Fremde gab es bis 1955 mehr als genug bei uns, die sprachen aber englisch, französisch oder russisch, das waren die alliierten Besatzungssoldaten, mit denen hatten wir gottlob keinen Kontakt. Wir Kinder verkehrten nur mit und unter Österreichern. “Gastarbeiter” – im Wiener Dialekt bald „Tschuschen“ genannt, kamen erst mit dem wirtschaftlichen Aufschwung, viele Jahre später, ins Land.

Die Fremden meiner Jugend waren in den 50er Jahren die zwangsvertriebenen Sudetendeutschen, die den Brünner Todesmarsch überlebt hatten, und nun in einer Barackensiedlung hausten. Sie sprachen zwar Deutsch, aber mit böhmischem Akzent. Wir nannten das “böhmakeln”. Bei uns in Wien fanden sie in Baracken im sogenannten „Negerdörfl“ ihre neue Heimat.

In diesen Baracken hatten schon seit den 30er Jahren die ganz armen Menschen gelebt. „Neger“ bedeutete damals soviel wie jemand, der kein Geld hatte, völlig pleite war und mittellos. Heute darf man diesen Ausdruck nicht mehr verwenden, es ist trotzdem ein Alt-Wiener Sprachausdruck. Sogar der österreichische „Austro-Pop“-Star Reinhard Fendrich texte noch in den 80ern: „Ich bin ein Negerant Madame, ich küsse Ihre Hand …“. War mal ein Pop-Hit, der im Radio auf und ab gespielt wurde!

Ein Treffpunkt der Mütter, die damals meist den Haushalt führten und die Kinder erzogen, war der Meiselmarkt. Heute ist der Meiselmarkt ein Orientbasar. Kopftuch-Damen und Kebab dominieren den einst österreichischen Markt. Der Markt war für mich einst ein Ort bunter Erfahrungen. Die Händler riefen ihre Waren im breiten Wiener Dialekt aus: “an Kiem, Majoran, Kudelkraut, Lorberblattln” oder “kummts her – frische Maschansker hob i do” und es gab auch ambulante Verkäufer, die ihre Waren mit einem Handwagen durch die Straßen zogen und ebenfalls laut anpriesen.

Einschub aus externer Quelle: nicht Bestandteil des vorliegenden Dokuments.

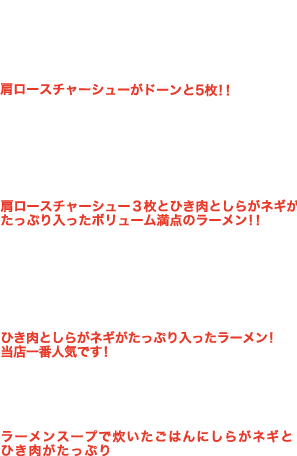 自家製の肩ロースの柔らかチャーシューが3枚もトッピング!
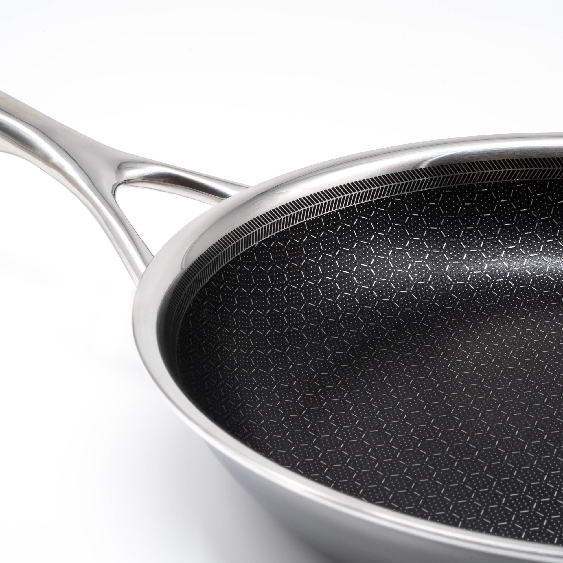 La poêle hybride De Matero Cookware utilise une technologie hybride avancée qui combine les avantages de l'acier inoxydable et d'un revêtement antiadhésif. Cela permet une saisie parfaite et un nettoyage facile, sans compromettre la durabilité. Grâce à cette technologie, vous profitez du meilleur des deux mondes : la robustesse et la durabilité de l'acier inoxydable ainsi que la facilité de libération des aliments d'un revêtement antiadhésif.

Da es nur zwei Radiosender gab, war die mediale Unterhaltung eher bescheiden. Gerade das förderte die Geselligkeit, denn bei uns wurde regelmäßig Hausmusik gespielt. Zu Mutters Klavierspiel wurde gesungen, die guten alten Heurigen-, bzw. Wienerlieder und Operettenklänge. Sonntag weckte uns der Volksliebling und Komödiant Heinz Conrads. Er verstand es die Sorgen und Nöte der damaligen kargen Zeit für eine Stunde vergessen zu lassen. Die meisten seiner Lieder-Texte waren trivial, aber ich kannte sie alle und singe sie heute noch mit Begeisterung. Legendär wurde sein Begrüßungsfloskel seiner Radiosendung:

„Griaß eich die Madln, Servas die Buam!“Im Radio hörten wir damals aber auch schon die ersten deutschen Schlagerstars des Rock`n Roll wie Peter Kraus und Conny Froboess. Und natürlich Freddy Quinn! Gesungen wurde freilich noch in deutscher Muttersprache ohne englische Texte.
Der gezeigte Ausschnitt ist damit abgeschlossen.